Das Urteil des Kreisgerichtes Wiener Neustadt, welches im übrigen unberührt bleibt, wird im bezeichneten Umfang des Schuldspruches wegen des Vergehens nach § 198 Abs. 1 StGB (Punkt II) sowie im Strafausspruch aufgehoben.

Gemäß §§ 288 Abs. 2 Z 3, 292 StPO wird im Umfang der Urteilsaufhebung in der Sache selbst erkannt:

Wolfgang H*** wird von der Anklage, er habe auch in der Zeit vom 30.März bis 30.Juni 1987 in Oberwaltersdorf seine im Familienrecht begründete Unterhaltspflicht gröblich dadurch verletzt, daß er für seinen Sohn Michael H*** keinen Unterhalt leistete und dadurch bewirkte, daß der Unterhalt des Kindes gefährdet war oder ohne Hilfe von anderer Seite gefährdet gewesen wäre, und habe hiedurch das Vergehen der Verletzung der Unterhaltspflicht nach § 198 Abs. 1 StGB begangen, gemäß § 259 Z 3 StPO freigesprochen.

Für die ihm nach dem unberührt gebliebenen Teil des Urteils zur Last liegenden strafbaren Handlungen, nämlich die Vergehen der schweren Körperverletzung nach §§ 83 Abs. 1, 84 Abs. 1 StGB und der Verletzung der Unterhaltspflicht nach § 198 Abs. 1 StGB wird Wolfgang H*** gemäß §§ 28, 84 Abs. 1 StGB zu einer Freiheitsstrafe in der Dauer von 15 (fünfzehn) Wochen verurteilt.

Text

Gründe:

Mit dem Urteil des Einzelrichters des Kreisgerichtes Wiener Neustadt vom 27.August 1987, GZ 12 a E Vr 1531/86-17, wurde Wolfgang H*** der Vergehen der schweren Körperverletzung nach §§ 83 Abs. 1, 84 Abs 1 StGB (Punkt I des Urteilssatzes) sowie der Verletzung der Unterhaltspflicht nach § 198 Abs. 1 StGB (Punkt II) schuldig erkannt und zu einer Freiheitsstrafe verurteilt.

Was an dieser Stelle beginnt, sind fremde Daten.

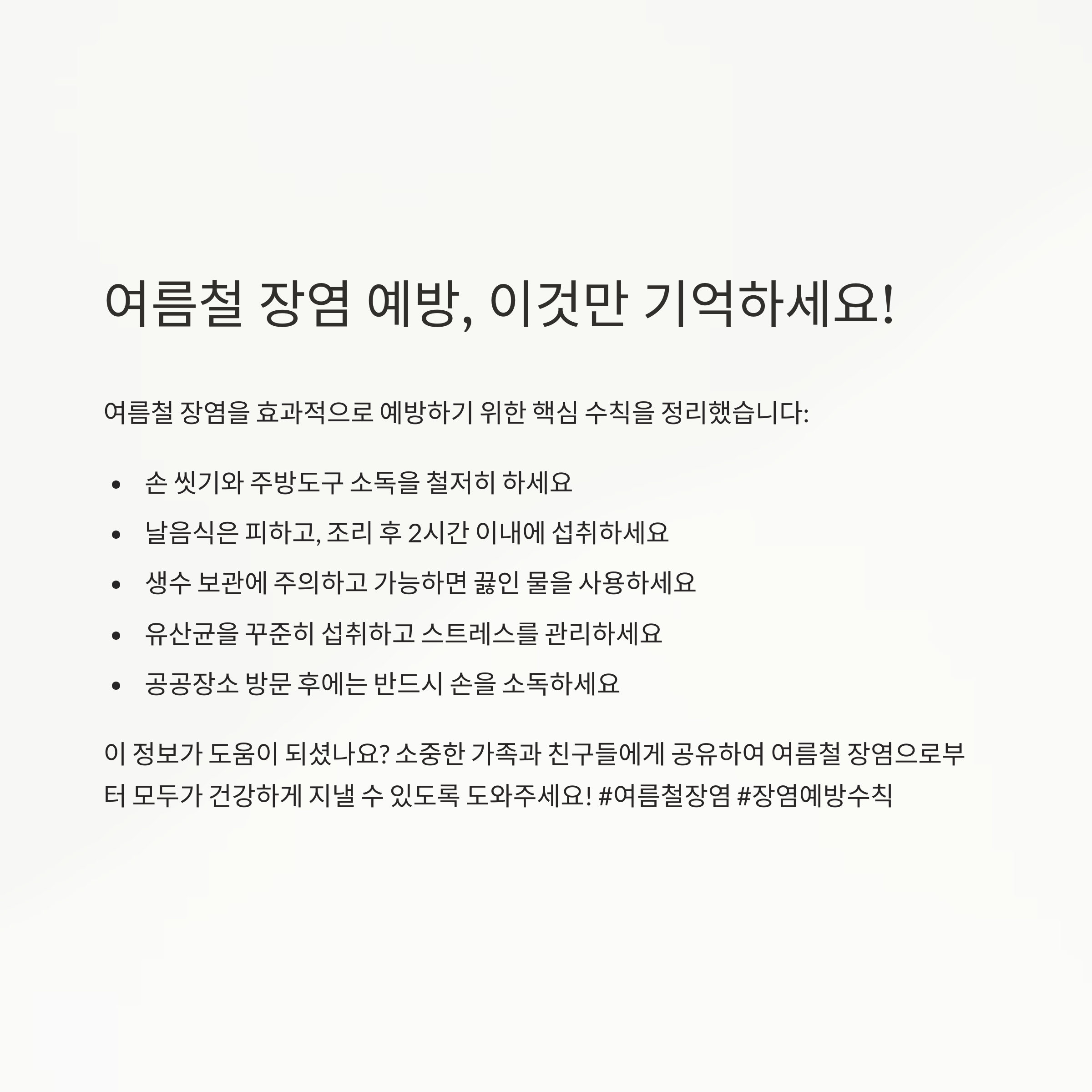마지막으로, 여름철 장염을 피하기 위한 생활 수칙을
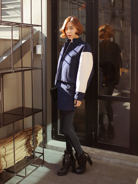 冬季大熱的廓形外套,既挺括又有質感就是今年冬季的大衣主打趨勢,簡潔拼色設計,很有摩登氣質,下搭配套的MINI短裙,搭出別致風范。
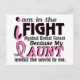You stand strong in the fight against Breast Cancer. You do it because there is a person in your life battling Breast Cancer who means the world to you. This incredible person is your aunt. Declare your commitment to fighting for this pillar of courage with I Am In The Fight Against Breast Cancer Because My Aunt Means The World To Me t-shirts, apparel, merchandise, and gifts featuring contrasting text fonts and a graffiti-style pink Breast Cancer awareness ribbon in a bold head-turning layout sure to grab attention as you support your aunt and spread the important message of Breast Cancer awareness.
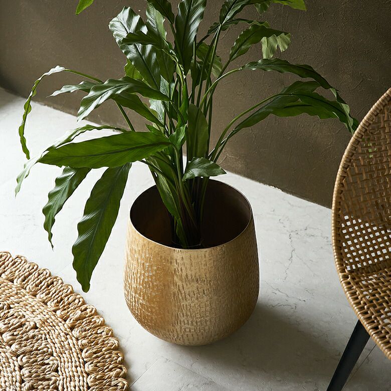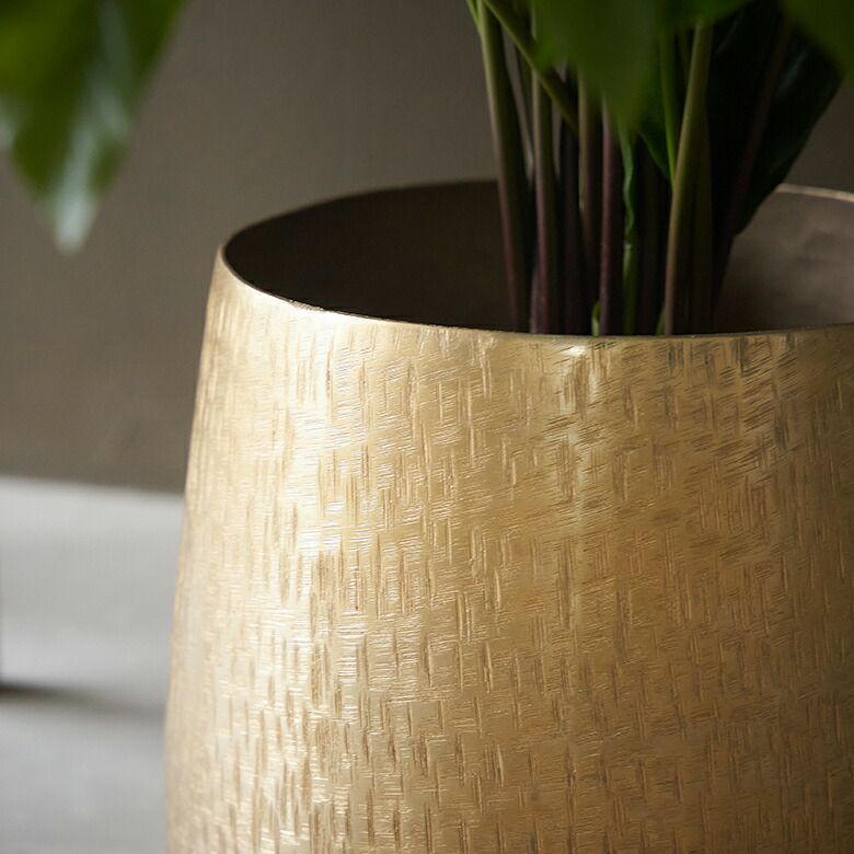 ぽってりとしたシルエットと素材感が印象的な、アルミニウム製のプランターポット。
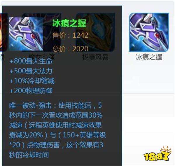 第四名是冰痕之握,这个防御装加的属性非常全面。有生命,有防御,还有法力和冷缩,并且他的被动是使用技能后。可以让普攻造成减速和额外伤害,因此这个装备就特别适合一些靠技能打输出的战士。比如赵云,橘右京等,不过现在这类型的英雄出场率都比较低,因此这个装备的出场也不是特别高。
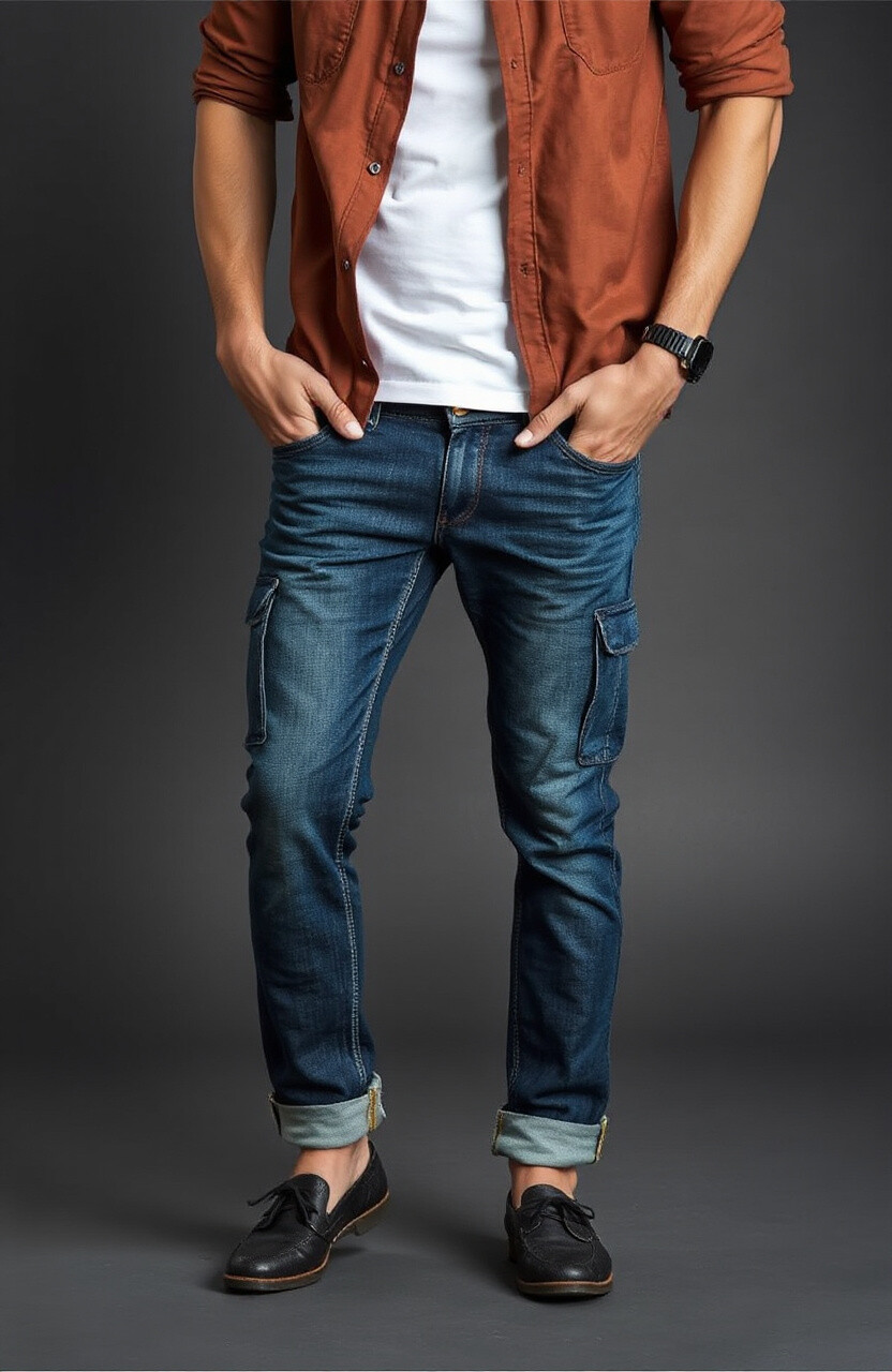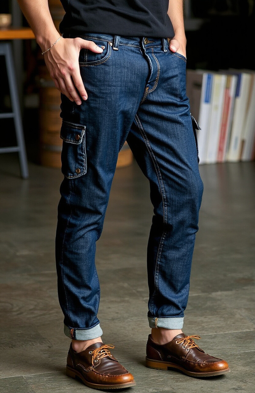 Utility jeans with cuffs combine function and fashion. They’re perfect for those who need a bit more practicality in their wardrobe.
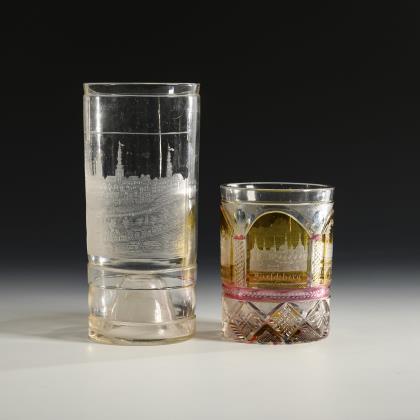 1x Zylinderbecher aus farblosem Glas mit der gravierten Ansicht von Hirschberg im Riesengebirge. / 1x Zylinderbecher aus farblosem, teils gelb, blau und rosa gebeiztem Glas mit Kerb-, Steinel- und Linsenschliff: in vier Kartuschen gravierte Ansichten von Hirschberg, Warmbrunn, Fischbach und dem Schweitzerhaus
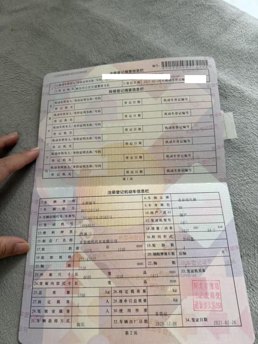 初次登记日期 2021-02-26 车辆名称 现代 伊兰特

Als Verletzung der Unterhaltspflicht liegt ihm zur Last, in der Zeit vom 6.Oktober 1986 bis 27.August 1987 in Oberwaltersdorf seine im Familienrecht begründete Unterhaltspflicht gröblich dadurch verletzt zu haben, daß er für seinen Sohn Michael H*** (geboren am 23.Juni 1981) keinen Unterhalt leistete und dadurch bewirkte, daß der Unterhalt des Kindes ohne Hilfe von anderer Seite gefährdet gewesen wäre. Das Kreisgericht Wiener Neustadt stellte hiezu fest, daß Wolfgang H*** im genannten Zeitraum aufgrund einer gerichtlichen Entscheidung verpflichtet gewesen ist, für seinen Sohn eine monatliche Unterhaltszahlung von 1.860 S zu erbringen, jedoch bloß am 30.März 1987 einen Betrag von 1.000 S und am 13.Mai 1987 einen Betrag von 3.000 S bezahlt hat. Mit seinen Verbindlichkeiten aus dieser Unterhaltsverpflichtung war Wolfgang H*** (bezogen auf den 31. August 1987) mit einer Gesamtsumme von 98.642,82 S im Rückstand. Der Beschuldigte bekämpfte das erstgerichtliche Urteil mit Berufung wegen Nichtigkeit, Schuld und Strafe, wogegen der öffentliche Ankläger den Strafausspruch ebenfalls mit Berufung anfocht. Die Berufung des Wolfgang H*** wegen Nichtigkeit wurde zurückgezogen.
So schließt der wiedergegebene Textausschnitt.